Start of DATASET CONTENT

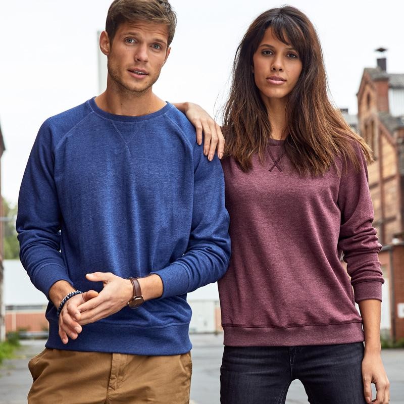 Ce sweat-shirt a les arguments pour séduire: 85% de coton bio ring spun peigné et 15% polyester 300gr/m², un intérieur en french terry de haute qualité, des finitions et une coupe soignées. Sans aucun doute une pièce de choix. Bande de propreté ton sur ton, poche poitrine, manches raglan, col rond avec élasthanne et manchettes en élasthanne. Étiquette Tear Off® détachable et certificat Bio OCS Blended 85%.
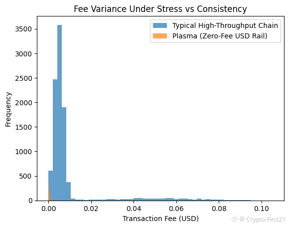 When you look past medians and into fee variance, the difference becomes obvious. Some chains advertise sub cent fees but hide brutal spikes in the 95th percentile during stress. Plasma removes that tail risk entirely for a specific class of transactions. The cost is not hidden, it’s paid in opportunity. Plasma won’t extract value from congestion or trend on benchmark charts. It accumulates trust slowly.
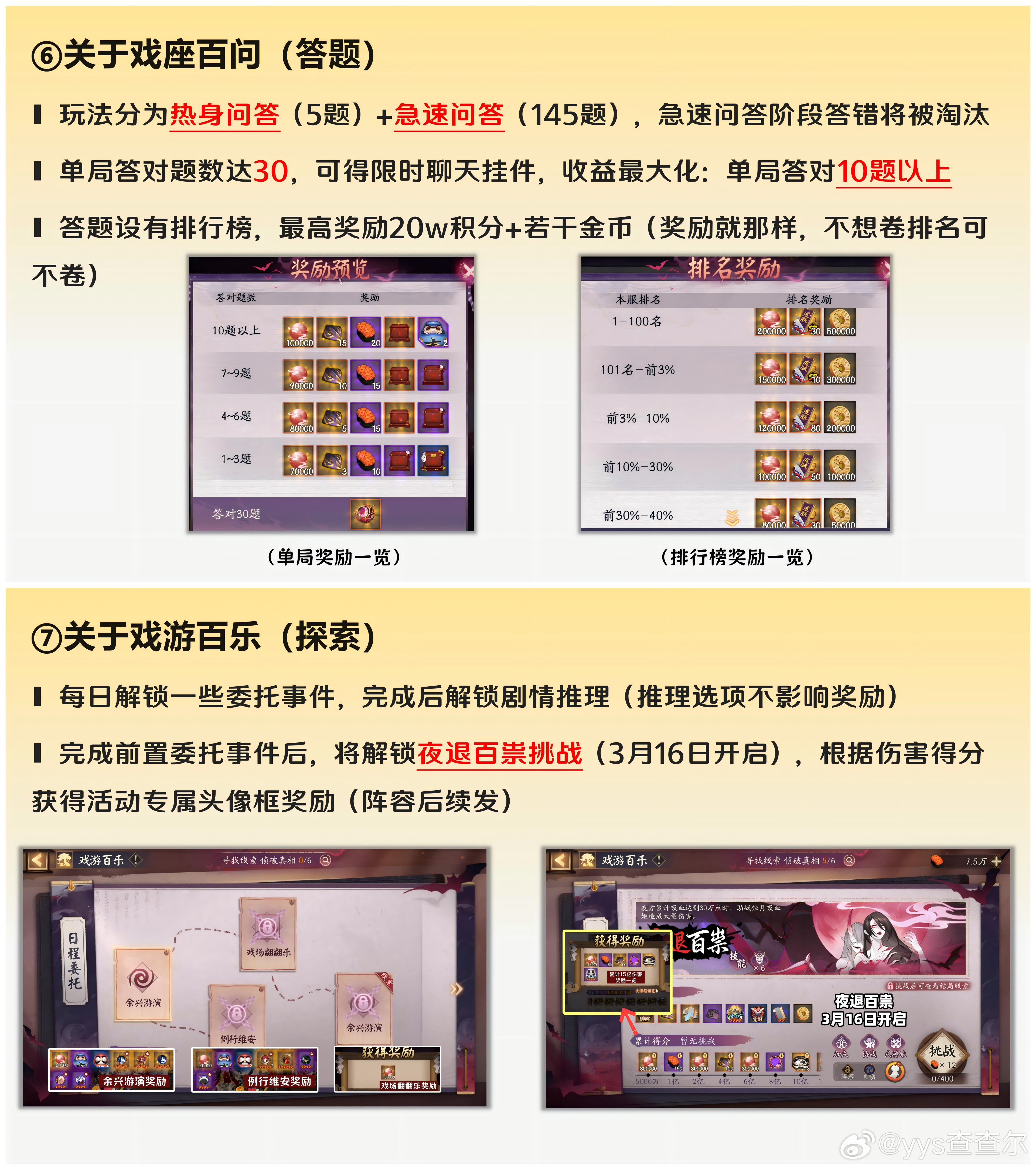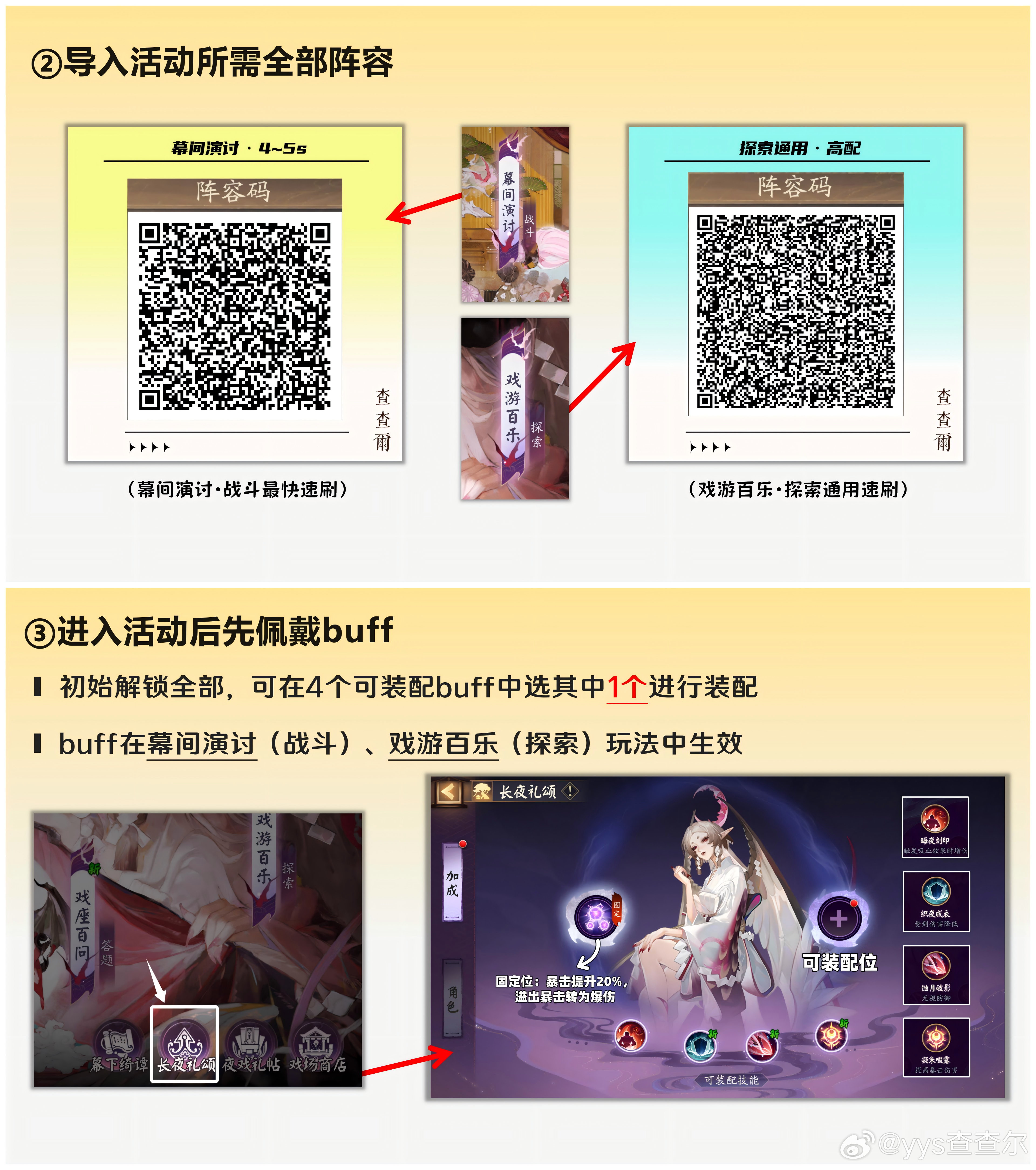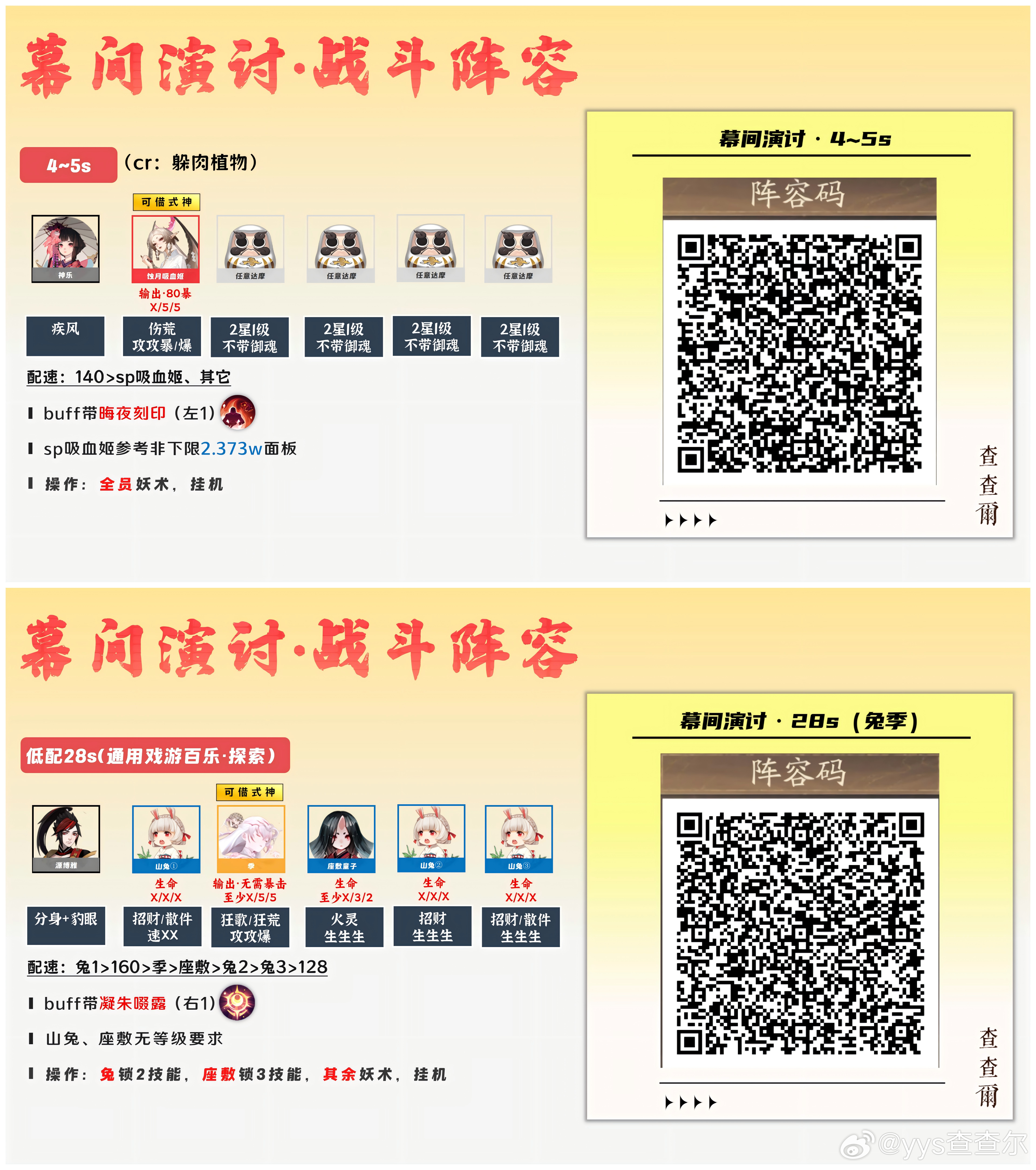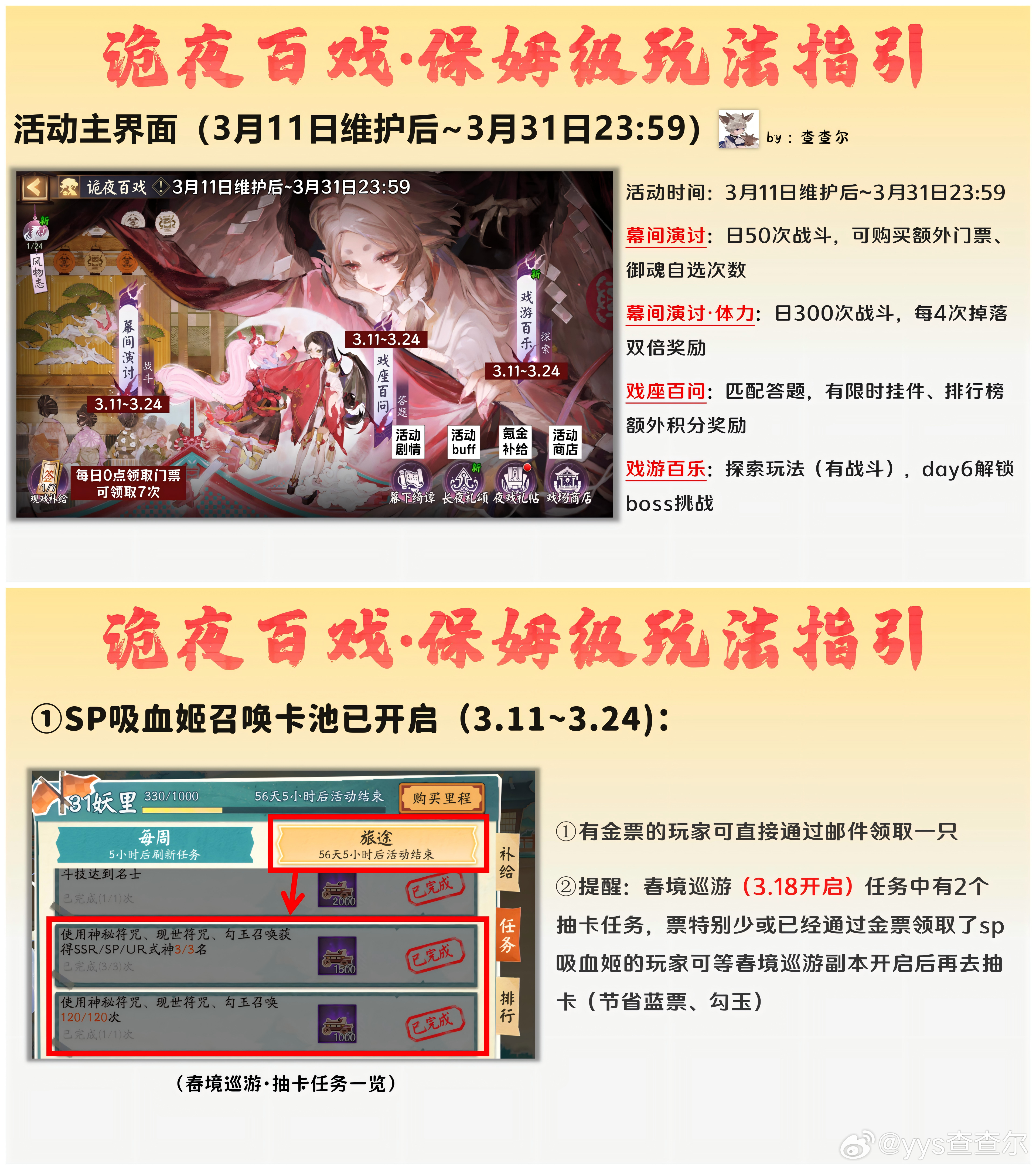 阴阳师手游超话创作官acg优创官 【诡夜百戏】sp吸血姬活动,一套图文搞定全部玩法+阵容配置,轻松无脑抄作业~ ■活动时间:3.11~3.24(2周) 图一~图四:全玩法介绍图五:爬塔阵容,2套推荐(最快4~5s)图六:探索阵容3套推荐(兔季阵容放爬塔里了)■探索玩法第六天会解锁小boss战,累计伤害可得头像框、积分等奖励。对应阵容后续更新(已测完,还没做好)

End of DATASET CONTENT

» **EXERCISE DETAILS**: Print all of the data exactly, and do not carry over any pictures.

» **YOUR SOLUTION**:
 Ce sweat-shirt a les arguments pour séduire: 85% de coton bio ring spun peigné et 15% polyester 300gr/m², un intérieur en french terry de haute qualité, des finitions et une coupe soignées. Sans aucun doute une pièce de choix. Bande de propreté ton sur ton, poche poitrine, manches raglan, col rond avec élasthanne et manchettes en élasthanne. Étiquette Tear Off® détachable et certificat Bio OCS Blended 85%.
 When you look past medians and into fee variance, the difference becomes obvious. Some chains advertise sub cent fees but hide brutal spikes in the 95th percentile during stress. Plasma removes that tail risk entirely for a specific class of transactions. The cost is not hidden, it’s paid in opportunity. Plasma won’t extract value from congestion or trend on benchmark charts. It accumulates trust slowly.
 阴阳师手游超话创作官acg优创官 【诡夜百戏】sp吸血姬活动,一套图文搞定全部玩法+阵容配置,轻松无脑抄作业~ ■活动时间:3.11~3.24(2周) 图一~图四:全玩法介绍图五:爬塔阵容,2套推荐(最快4~5s)图六:探索阵容3套推荐(兔季阵容放爬塔里了)■探索玩法第六天会解锁小boss战,累计伤害可得头像框、积分等奖励。对应阵容后续更新(已测完,还没做好)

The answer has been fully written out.